- What is required
Leave the pictures in the listing below aside and reproduce exactly the lines starting with the one with "- Mozgatható kerekek: Négy" and going on through the one with "정렬하면 [-18, -13], [-14, -5], [-5, -3], [-20, 15]가", both ends included.
::::::::
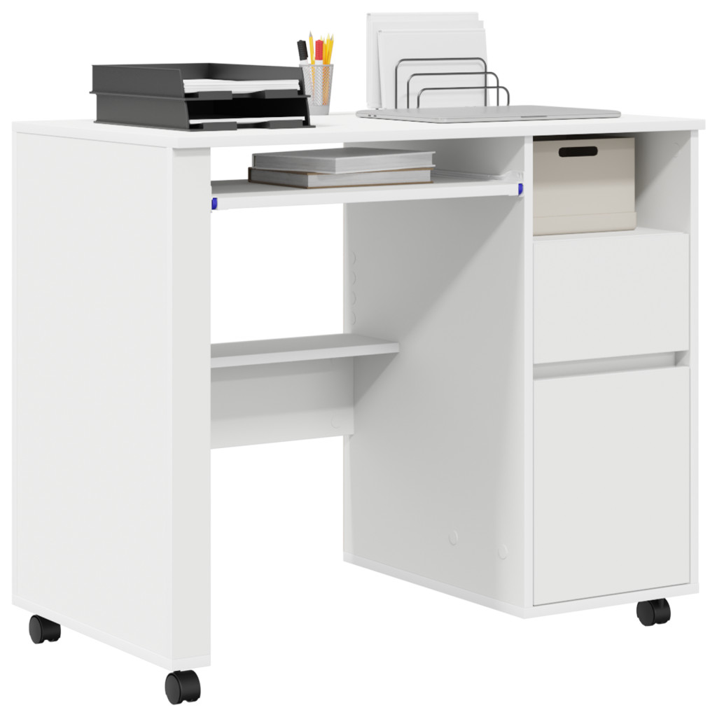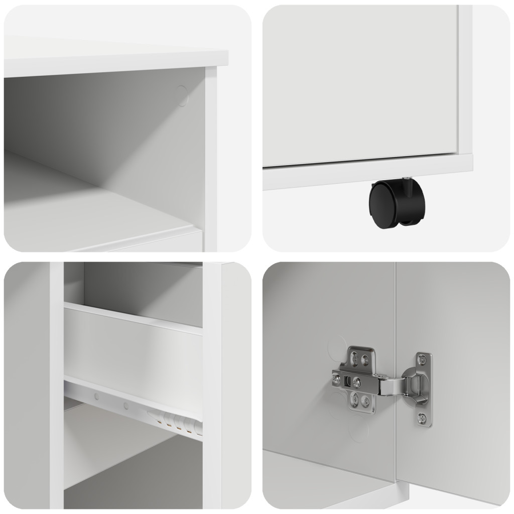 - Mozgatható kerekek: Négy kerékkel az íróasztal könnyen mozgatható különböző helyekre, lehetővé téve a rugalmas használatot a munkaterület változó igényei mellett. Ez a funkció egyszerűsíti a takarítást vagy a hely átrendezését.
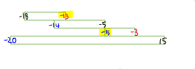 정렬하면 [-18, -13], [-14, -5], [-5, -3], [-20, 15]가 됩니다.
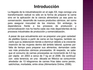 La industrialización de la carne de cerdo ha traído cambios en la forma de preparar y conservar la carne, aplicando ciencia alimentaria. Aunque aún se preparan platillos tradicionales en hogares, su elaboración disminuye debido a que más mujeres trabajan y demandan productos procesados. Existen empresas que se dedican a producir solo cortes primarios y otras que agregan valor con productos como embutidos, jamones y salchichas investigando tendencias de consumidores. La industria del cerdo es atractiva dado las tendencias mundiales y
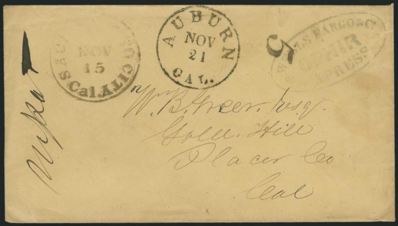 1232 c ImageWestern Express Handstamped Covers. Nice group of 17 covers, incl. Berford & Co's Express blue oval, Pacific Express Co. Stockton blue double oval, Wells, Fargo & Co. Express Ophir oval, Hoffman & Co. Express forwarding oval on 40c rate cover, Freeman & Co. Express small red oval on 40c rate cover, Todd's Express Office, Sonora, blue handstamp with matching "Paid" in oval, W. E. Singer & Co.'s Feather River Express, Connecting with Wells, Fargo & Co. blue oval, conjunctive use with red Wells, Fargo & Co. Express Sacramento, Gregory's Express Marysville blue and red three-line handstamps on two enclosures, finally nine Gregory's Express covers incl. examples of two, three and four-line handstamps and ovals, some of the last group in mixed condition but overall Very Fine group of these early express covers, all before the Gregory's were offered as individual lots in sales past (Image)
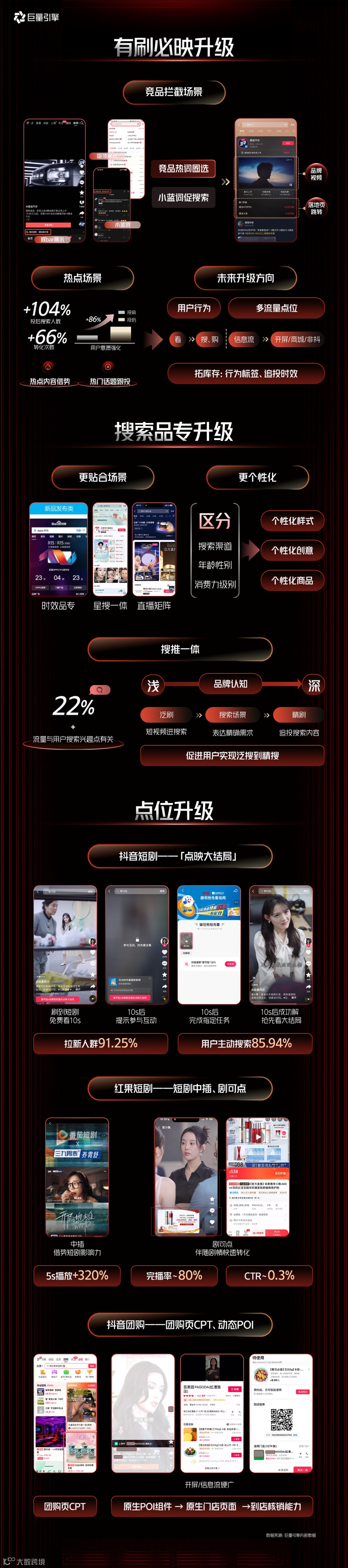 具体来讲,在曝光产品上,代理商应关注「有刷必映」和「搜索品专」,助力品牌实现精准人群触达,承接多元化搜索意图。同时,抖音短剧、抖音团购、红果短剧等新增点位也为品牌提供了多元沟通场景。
::::::::
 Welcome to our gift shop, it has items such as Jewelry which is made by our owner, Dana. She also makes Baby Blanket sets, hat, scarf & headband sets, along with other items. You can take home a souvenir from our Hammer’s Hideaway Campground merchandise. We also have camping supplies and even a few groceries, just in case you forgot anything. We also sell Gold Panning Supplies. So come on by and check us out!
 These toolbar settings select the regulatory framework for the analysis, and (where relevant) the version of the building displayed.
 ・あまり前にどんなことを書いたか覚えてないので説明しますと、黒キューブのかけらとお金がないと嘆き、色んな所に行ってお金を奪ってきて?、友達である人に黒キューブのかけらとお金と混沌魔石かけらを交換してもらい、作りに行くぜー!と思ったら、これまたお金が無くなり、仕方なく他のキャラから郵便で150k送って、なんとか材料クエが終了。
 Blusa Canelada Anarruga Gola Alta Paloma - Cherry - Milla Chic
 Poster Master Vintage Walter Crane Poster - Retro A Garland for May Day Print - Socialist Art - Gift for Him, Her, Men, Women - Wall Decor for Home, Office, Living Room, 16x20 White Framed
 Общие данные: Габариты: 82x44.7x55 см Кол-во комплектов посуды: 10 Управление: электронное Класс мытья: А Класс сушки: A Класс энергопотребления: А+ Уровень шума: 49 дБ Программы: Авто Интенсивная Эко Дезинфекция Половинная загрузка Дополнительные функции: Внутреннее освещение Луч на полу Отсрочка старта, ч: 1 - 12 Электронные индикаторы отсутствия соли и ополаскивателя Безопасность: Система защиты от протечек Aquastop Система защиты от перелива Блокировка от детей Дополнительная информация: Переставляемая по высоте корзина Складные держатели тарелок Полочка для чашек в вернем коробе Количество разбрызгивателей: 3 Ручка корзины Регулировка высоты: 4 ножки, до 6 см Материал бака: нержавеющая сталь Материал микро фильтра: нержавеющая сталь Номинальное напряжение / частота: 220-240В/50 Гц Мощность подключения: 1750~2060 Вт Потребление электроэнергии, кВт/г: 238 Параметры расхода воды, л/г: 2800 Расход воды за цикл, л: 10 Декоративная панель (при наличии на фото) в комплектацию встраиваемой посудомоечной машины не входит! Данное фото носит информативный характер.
::::::::
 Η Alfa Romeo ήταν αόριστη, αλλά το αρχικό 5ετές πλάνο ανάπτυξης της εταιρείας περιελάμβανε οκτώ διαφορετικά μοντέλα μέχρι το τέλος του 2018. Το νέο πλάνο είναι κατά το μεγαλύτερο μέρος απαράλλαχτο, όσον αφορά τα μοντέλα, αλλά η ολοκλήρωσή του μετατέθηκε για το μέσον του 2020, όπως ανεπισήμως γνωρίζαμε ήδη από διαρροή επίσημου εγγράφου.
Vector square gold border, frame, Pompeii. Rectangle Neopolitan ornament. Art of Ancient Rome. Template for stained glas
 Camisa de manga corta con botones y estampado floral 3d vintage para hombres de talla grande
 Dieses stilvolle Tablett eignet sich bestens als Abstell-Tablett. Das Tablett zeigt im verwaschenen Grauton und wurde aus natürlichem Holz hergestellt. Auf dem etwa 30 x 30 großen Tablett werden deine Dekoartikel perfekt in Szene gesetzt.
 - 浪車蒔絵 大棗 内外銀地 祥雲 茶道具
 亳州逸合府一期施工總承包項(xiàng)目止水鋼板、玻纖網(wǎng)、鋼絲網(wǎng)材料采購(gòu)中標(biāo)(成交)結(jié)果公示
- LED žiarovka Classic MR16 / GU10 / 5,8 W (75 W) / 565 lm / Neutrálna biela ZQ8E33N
::::::::
- Task response
 - Mozgatható kerekek: Négy kerékkel az íróasztal könnyen mozgatható különböző helyekre, lehetővé téve a rugalmas használatot a munkaterület változó igényei mellett. Ez a funkció egyszerűsíti a takarítást vagy a hely átrendezését.
 정렬하면 [-18, -13], [-14, -5], [-5, -3], [-20, 15]가 됩니다.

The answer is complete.